May 29, 2023 by Jean-Rémi Larcelet-Prost
Voice Artificial Intelligence: What Is It?

At the end of 2019, Voicebot.ai published a list of the year’s “top 20 brand innovators in voice.” It called out companies in a surprising range of industries—health and beauty, financial services, media, entertainment, fast food, packaged food and drink, health care, education, automotive, and even consumer packaged goods—that had produced a voice app of some kind, mostly for smart speakers, although there were a few unique branded voice assistants and at least one car-based voice control system, too.

All the brands on the list are leaders in their fields. What can we take away from such a list?

Voice technology isn’t stuck in the tech sector.

Tomorrow’s leading brands—including those in your industry—are working on voice strategies today.

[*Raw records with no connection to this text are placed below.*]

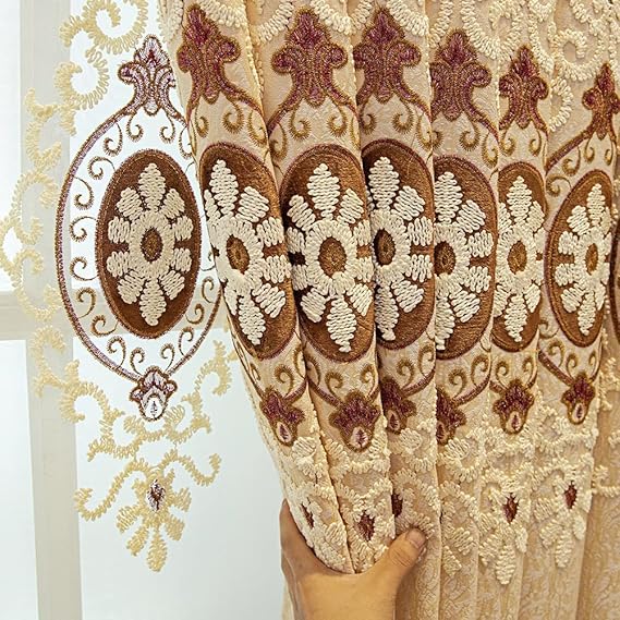 ELKCA Jacquard Embroidered Curtains for Bedroom Luxury Beige Curtains for Living Room, Grommet Top, 2 Panels (Beige, 52" W x 96" L)
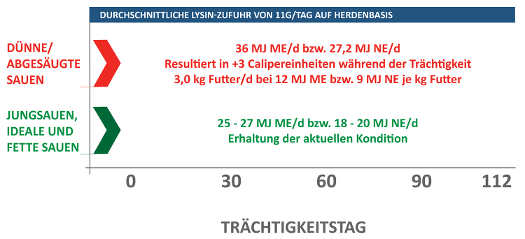 - Eine Sau soll während der gesamten Trächtigkeit nicht weniger als 25 MJ ME bzw. 18,4 MJ NE pro Tag erhalten. Dies wird ihre Kondition nicht schnell anpassen, könnte aber die Langlebigkeit beeinträchtigen.
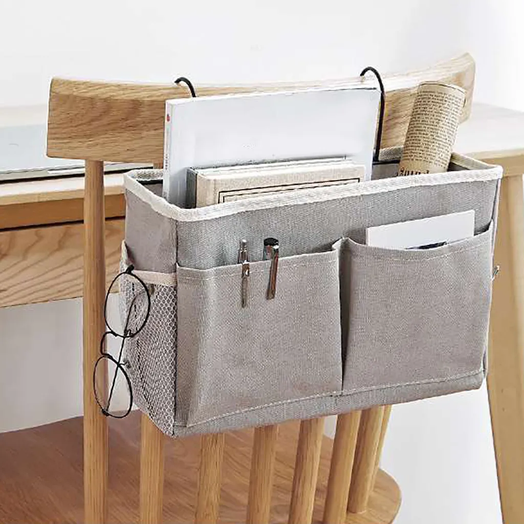 Холщовая подвесная сумка для хранения прикроватного столика, карман...
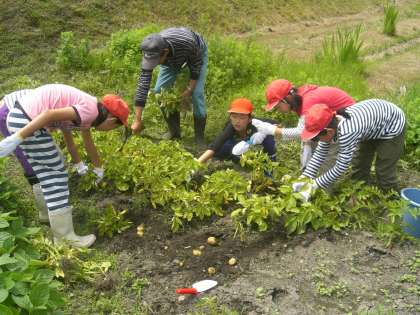 女子がお世話になるお宅につくと、さっそく今日の晩御飯の食材を取りに畑に向かうことになりました。まずは、ジャガイモを掘り出しました。畑には、様々な食材があります。さあ、今日の晩御飯は何かな?
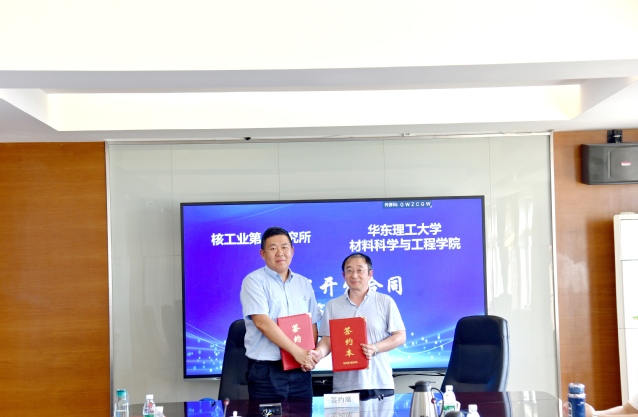 图片说明:中核八所所长助理、复合材料技术中心主任沈伟与澳门古天乐太阳集团官网教师姜海波签署技术开发合同
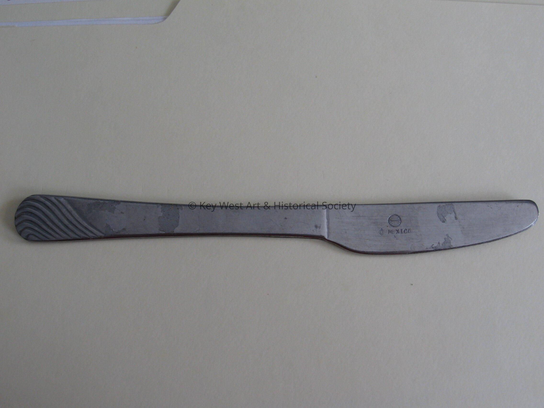 Stainless Steel dinner knife with Pan Am logo on the blade.
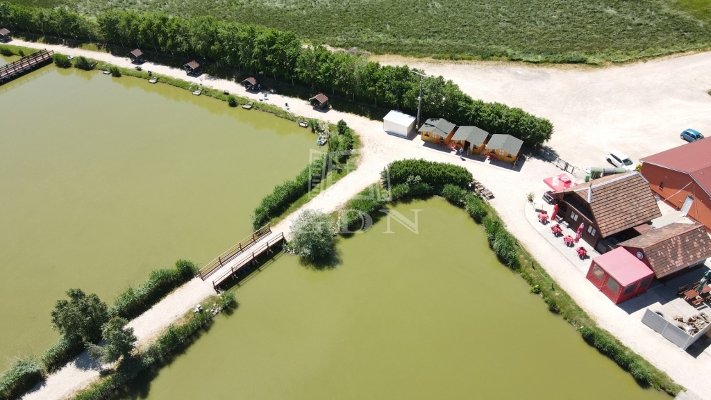 Az összesen ~32.000m2 terület 3 hrsz számból áll melyből 18.000m2 a horgásztó (vízfelület kb. 16.300m2 + 1500m2 halnevelde). A további 14.000m2 telekterületen pedig a halőrház/iroda és a konyha/büfé, a rendezvényház, a raktár épület, felépítmények találhatók.
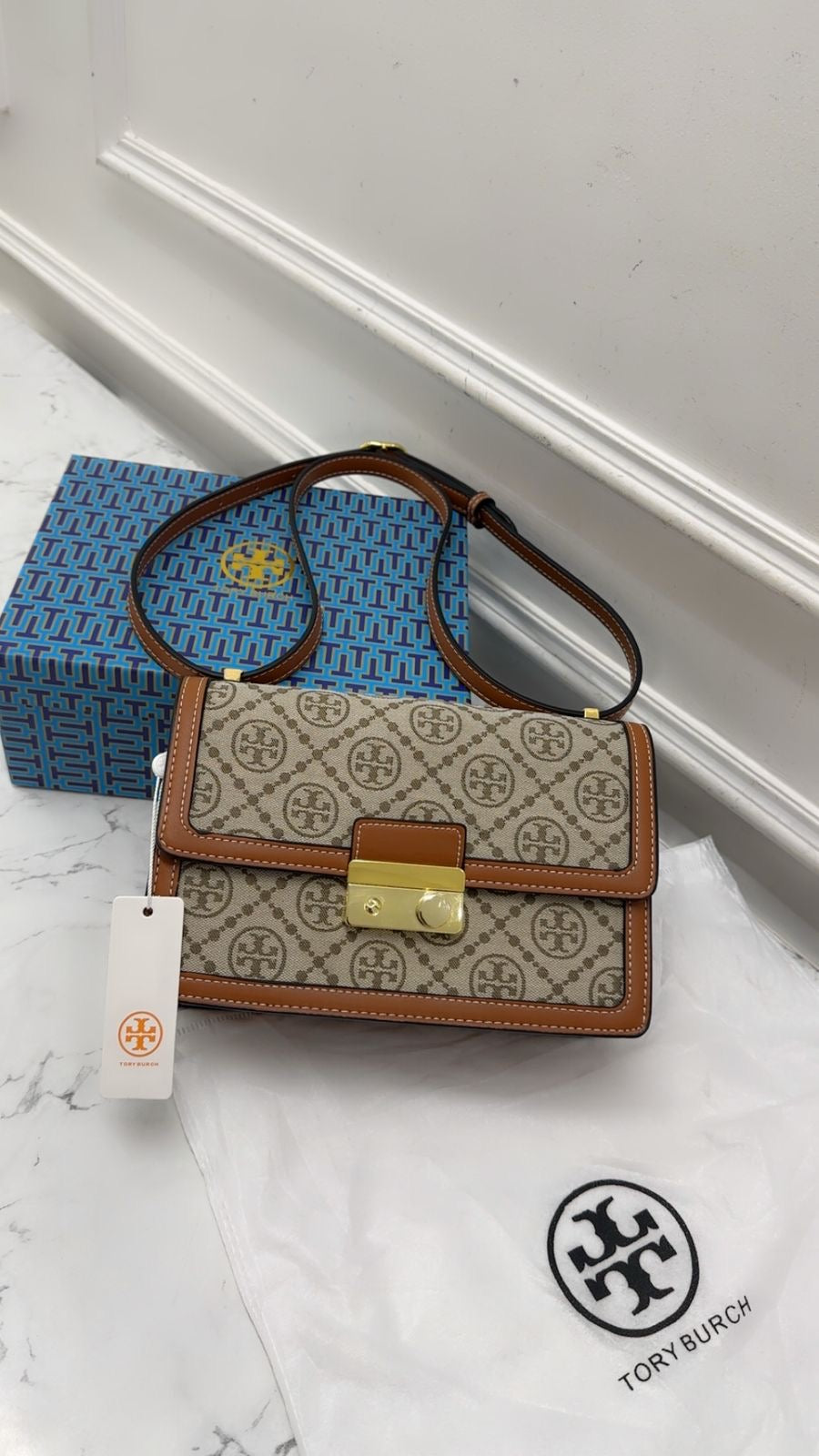 ToryExpertly crafted with the iconic Tory Burch monogram, this sling is both stylish and functional. Made with high-quality materials, it provides durability and a timeless aesthetic. The perfect accessory for any outfit, it exudes sophistication and elegance. Ideal for the fashion-forward and those with a taste for luxury.
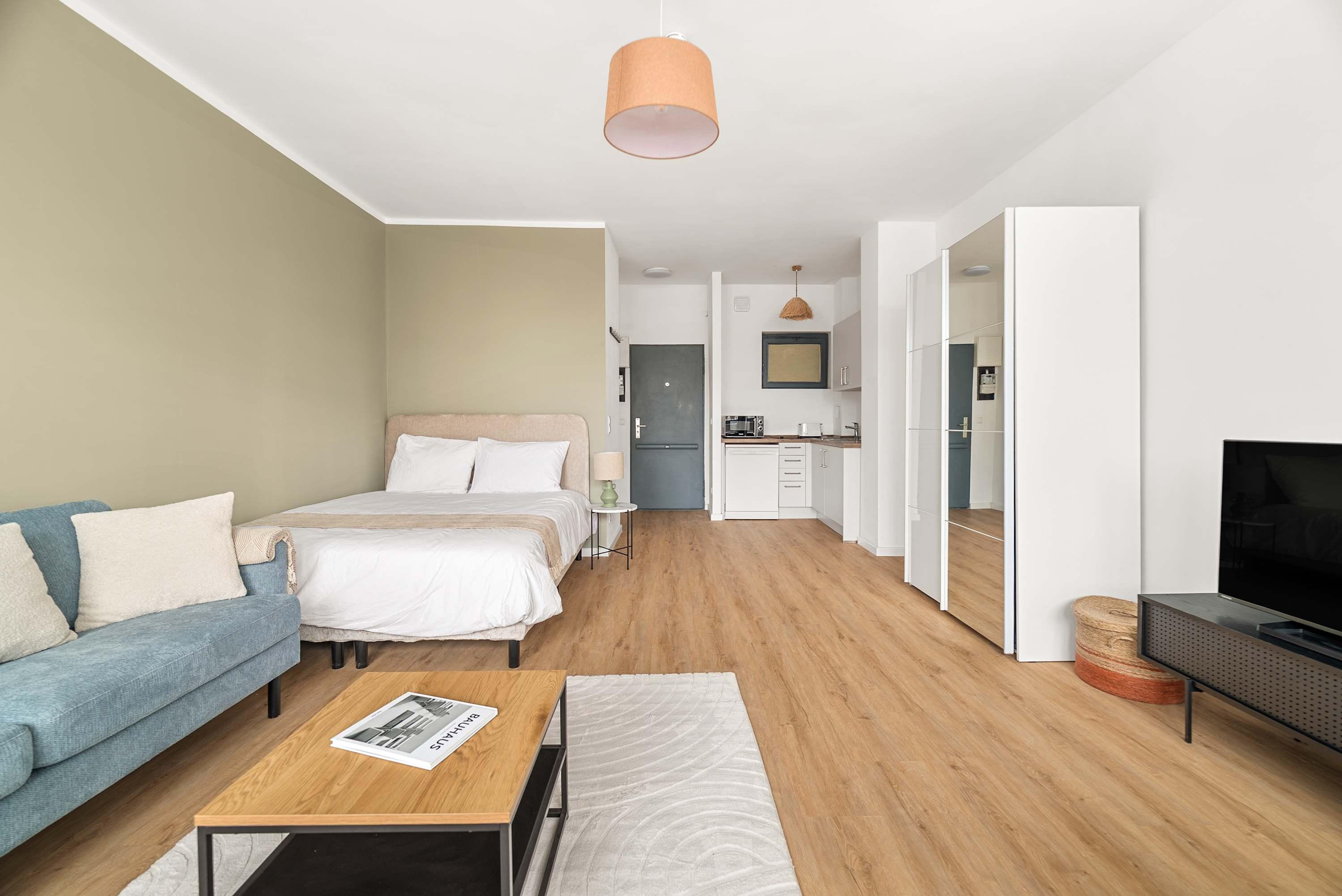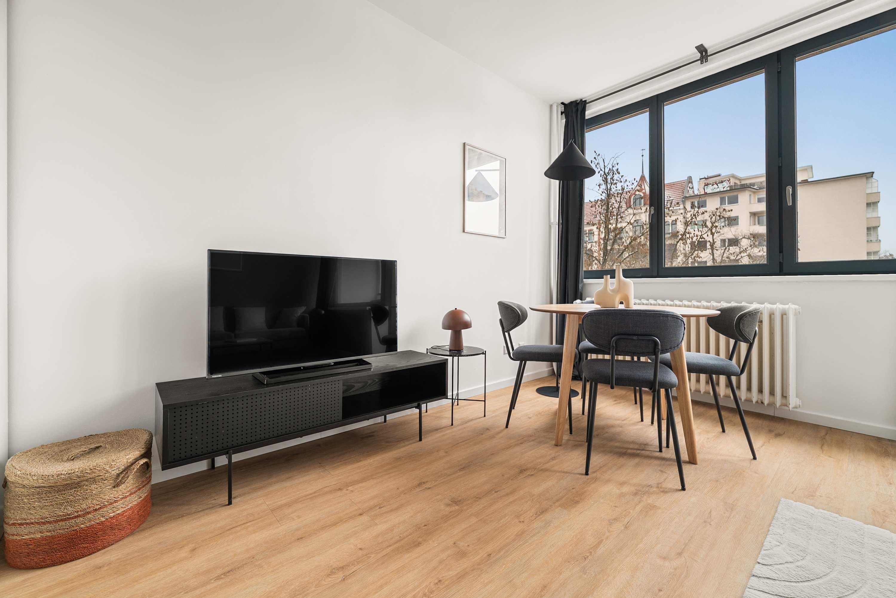 This stunning furnished studio apartment features contemporary design, a fully equipped kitchen, and a cozy living area with breathtaking views. Perfectly situated, you'll have easy access to everything that makes Berlin vibrant and exciting!
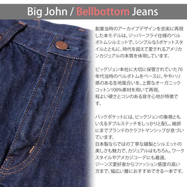 ■ BIG JOHN ビッグジョン商品詳細 創業当時のデザインを踏襲したジッパーフライのベルボトム。 |
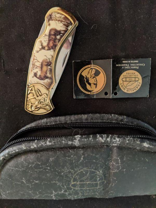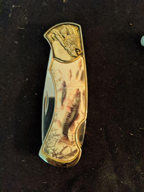 FRANKLIN MINT COLLECTORS POCKET KNIVE - TROUT SCENE
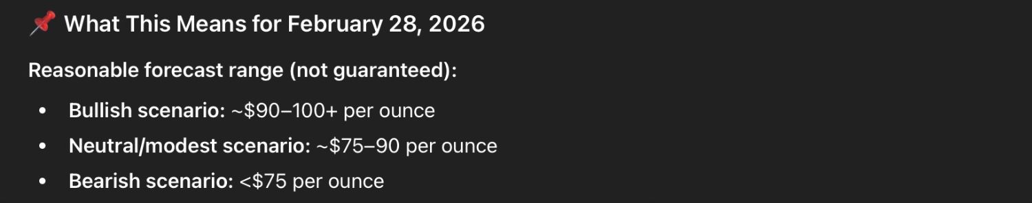 The chatbot prefaced its forecast with a warning that sharp swings could be likely, but it concluded that the base-case scenario could see silver changing hands at $75–90/oz.
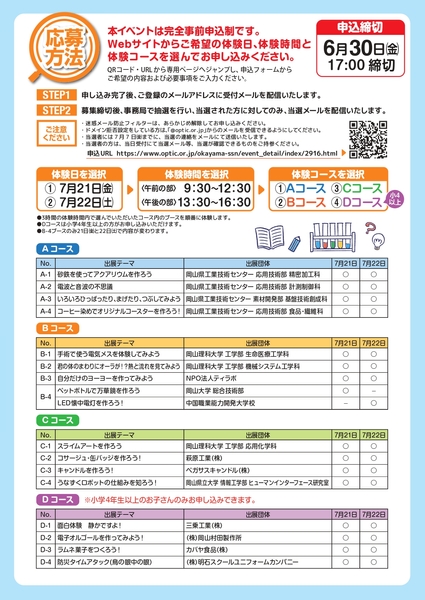 「おもしろ体験でぇ~」実行委員会では、県内のものづくりを支える拠点施設が集まっている「岡山リサーチパーク」を県民の皆さん、特に未来を担う子どもたちに一般公開し、科学技術やものづくりの素晴らしさを体験してもらう事を目的に毎年「おもしろ体験でぇ~」を開催しており、本学が参加しますので、ご紹介します。
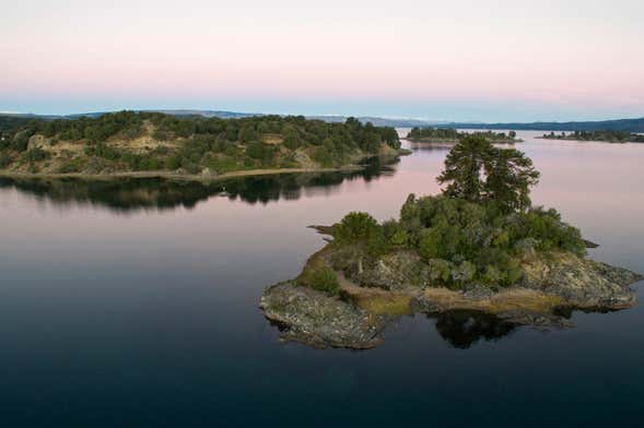 Une fois descendus du volcan, sur le chemin de la Villa Pehuenia, vous passerez par La Angostura, un canal étroit qui relie les lacs Aluminé et Moquehue.
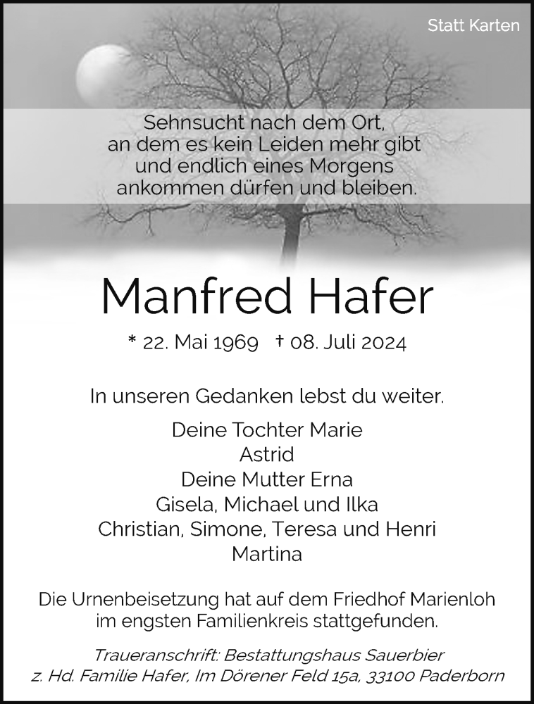 Hier finden Sie alle Traueranzeigen aus der Zeitung, die bisher für Manfred Hafer erschienen sind. Weitere Traueranzeigen, die in der Zeitung erscheinen, werden hier ebenfalls aufgelistet
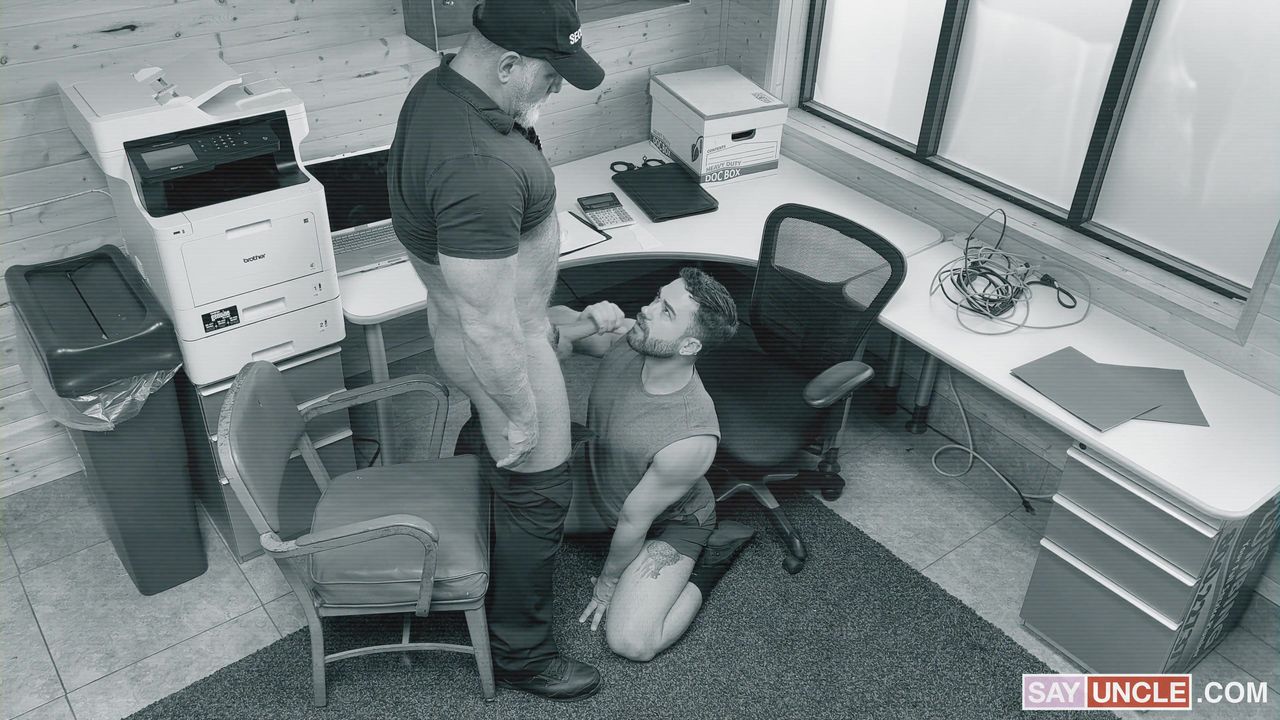 Dieser DILF-Wächter hat diesen Mann beim Stehlen erwischt! Der Mann fleht ihn an, nicht die Polizei zu rufen, und um seine Freiheit zu bekommen, geht er auf die Knie, um den Schwanz des DILF zu lutschen.
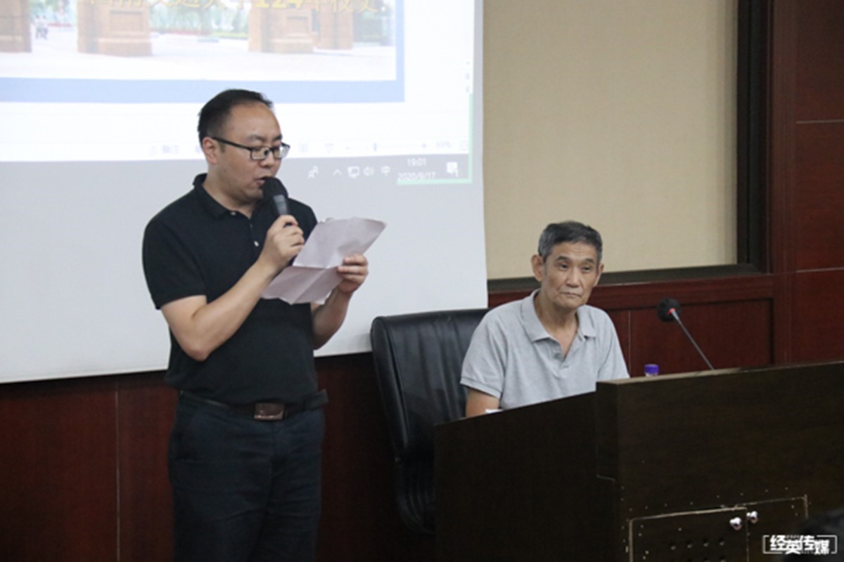 的发展史。紧接着,梁老师通过图片介绍了唐山路矿学堂的校门来历和校园概况。他讲到,清华大学和唐山铁路学堂的校门均由我校校友庄俊设计。接下来,梁老师讲到“竢实扬华”的由来,并解释了竢实扬华的意思,这一系列的介绍增强了新同学们对学校的认同感、自豪感和归属感。

To do the same, you need to know a little bit about the technology behind today’s digital voice systems: voice artificial intelligence.

ReadSpeaker uses voice artificial intelligence to develop lifelike custom voices for brands. Learn more here.

Voice Artificial Intelligence: What Is It?

Voice artificial intelligence is an emergent technology, and even industry insiders haven’t yet settled on a clear-cut definition of the term. Tech bloggers use it to refer to any of the intersections of artificial intelligence with automated speech recognition (how computers understand spoken language) and/or text-to-speech generation (how computers speak).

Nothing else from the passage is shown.